X-ray Diffraction (XRD)

XRD is an excellent technique for studying thin films with a crystalline structure, such as those composed of inorganic/solid-state materials. XRD is a technique used to determine the crystalline structure and atomic spacing of a thin film, and the produced spectral pattern is compared against known references.

XRD fires collimated X-rays at a crystalline sample, and the light becomes diffracted according to Braggs law by the crystal planes within the thin film. The X-rays are produced by a cathode source and are monochromated. Upon hitting the planes of the thin film, constructive interference is created, causing the sample to be scanned through an angle of 2θ and allowing all of the dimensions of the film to be observed.

Energy Dispersive Analysis of X-rays (EDAX)

Energy Dispersive Analysis of X-rays (EDAX or EDS), also known as electron probe micro-analysis (EPMA), is the most common non-destructive technique used to analyze a thin film’s composition. They are often used in conjunction with, and incorporated into, SEM and TEM instruments.

EDAX is an X-ray technique that identifies the elemental composition of a thin film. EDAX produces a spectrum which shows a range of peaks where each peak corresponds to the elements of the thin film.

EDAX fires a beam of X-rays onto the thin film and excites the electrons from the ground state and ejects them out of the nucleus of the different elements. The ejection of the electron creates a hole in its place.
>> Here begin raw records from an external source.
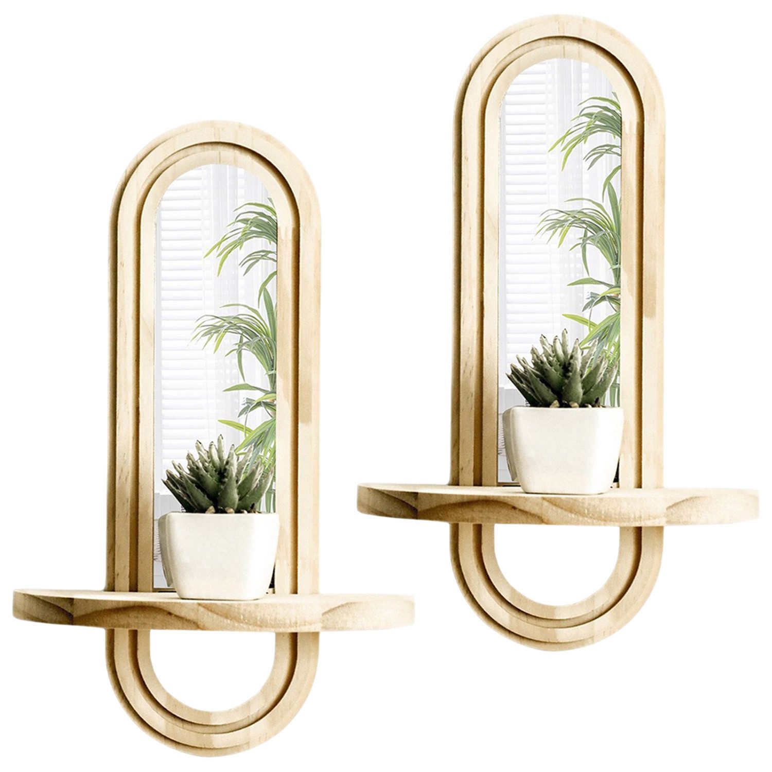Dieses stilvolle Wandregal mit Acrylspiegel kombiniert Funktion und Design. Die elegante Bogenform aus Holz macht es zu einem echten Blickfang in jedem Raum und sorgt für ein helles, freundliches Ambiente.
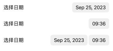 DatePicker("选择日期", selection: $selectedOptions, displayedComponents: [.hourAndMinute, .date]) // 默认均可选
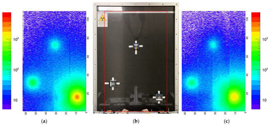 (a) Result of the gamma scan with the three sources, top view. (b) The three sources placed on the table. (c) Result of the gamma scan with the three sources, bottom view.
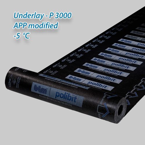 BTM Polibit is a fiberglass or polyester felt reinforced waterproofing membrane made of bitumen modified with APP (atactic polypropylene), the lower surface is coated with PE (polyethylene) film and the upper surface is coated with PE (polyethylene) film or colored granules and applied with an oxyacetylene burner.
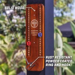 - PREMIUM DESIGN: game board is constructed of solid wood and stained brown to complement your personal home decor; Ring and hook are finished with powder coating to help prevent rust
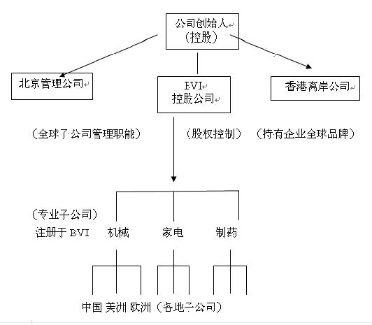 背景介紹:某民營企業(yè)借助于創(chuàng)始人幾十年的創(chuàng)業(yè)和奮斗,在中國、歐洲和美洲分別建立了機械、電器、制藥等三大產(chǎn)品系列的許多公司,但公司與公司之間都是獨立法人,股東均系創(chuàng)始人及不同合作伙伴,且因不同地方公司需遵循不同法律制度,長期以來集團治理結(jié)構(gòu)不完善,資本運作有較多困難,公司創(chuàng)始人對于整個投資的結(jié)構(gòu)安排非常不滿。
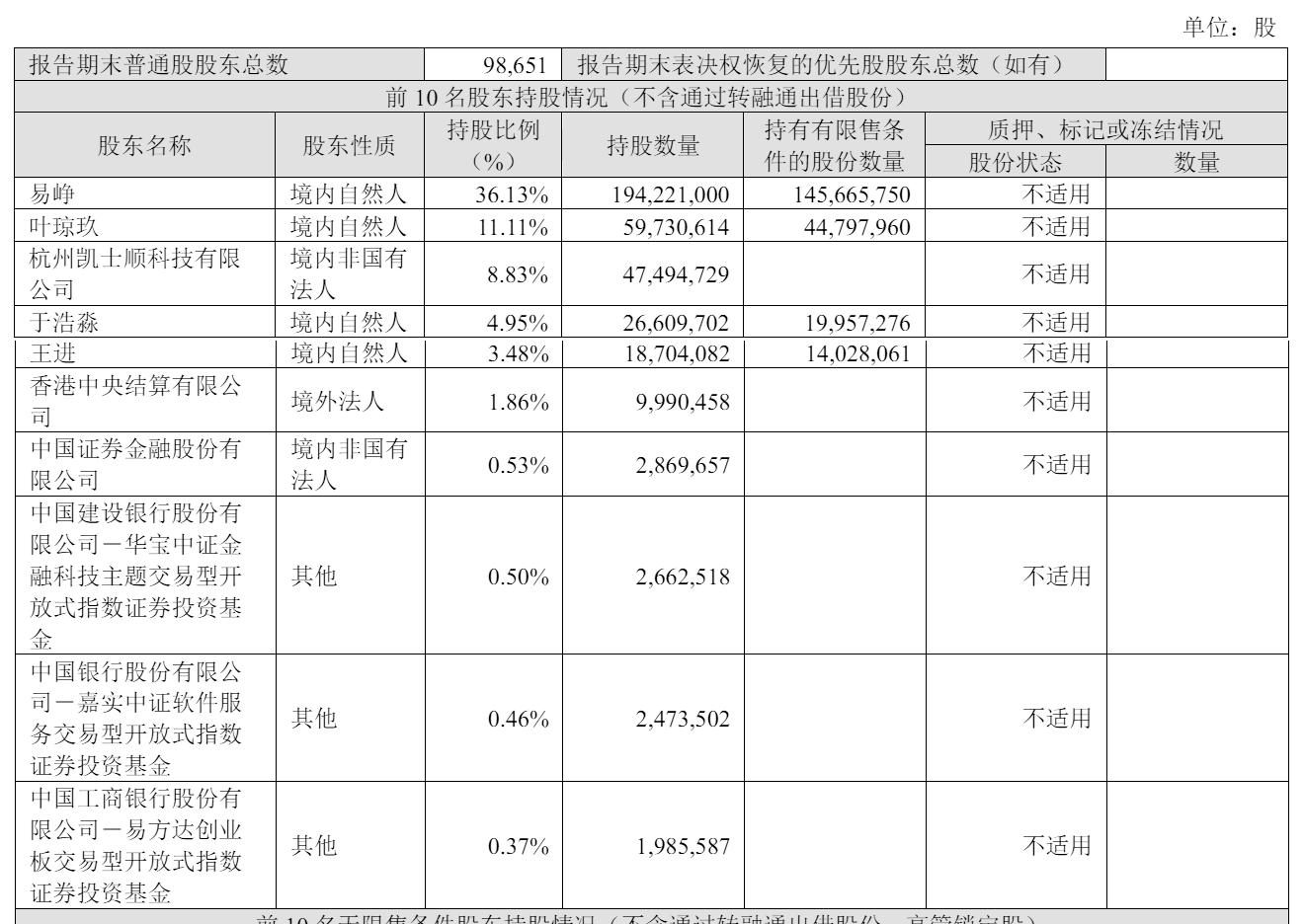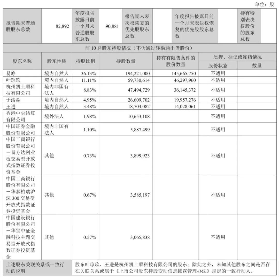 截至2025年12月31日,易峥持股36.13%,叶琼玖持股11.11%,杭州凯士顺科技有限公司持股8.83%,于浩淼持股4.95%,王进持股为3.48%;
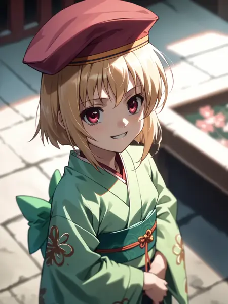 추천 프롬프트: ht_shokatsuryou, beret, hat bow, green bow
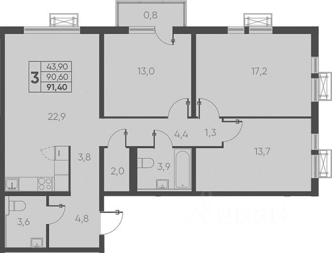 Трехкомнатные
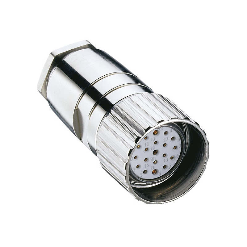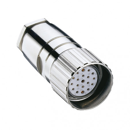 Connecteur femelle M23 droit à 19 pôles, raccord à vis, 10 à 14 mm/max. 16 x 1 mm² - 3 x 1,5 mm² (PG 13.5), convient pour 120 V AC/DC 16x8 A + 3x10 A, -25 à 80 °C, IP 67
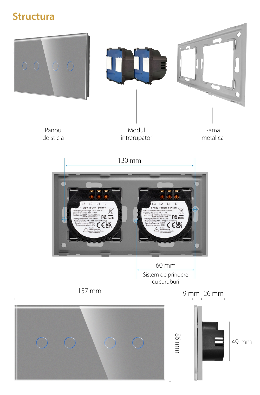 Specificatii Intrerupator Dublu + Dublu Touch Sticla

The hole is then filled by an electron from a higher energy level, and the difference in energy between the higher and lower states is emitted as an X-ray. The X-rays are then measured by an energy-dispersive spectrometer that can deduce the elemental composition from the emitted energy values.

Scanning Electron Microscopy (SEM)

SEM is a tool used to characterize the morphology and composition of thin films. Electrons are fired from an electron gun and pass through the thin film. The energies of the electrons are concentrated and focused on using a series of lenses. The electron beam then passes through a pair of scanning coils and deflector plates in the final lens. After the electrons are focused, they are then directed towards the thin film.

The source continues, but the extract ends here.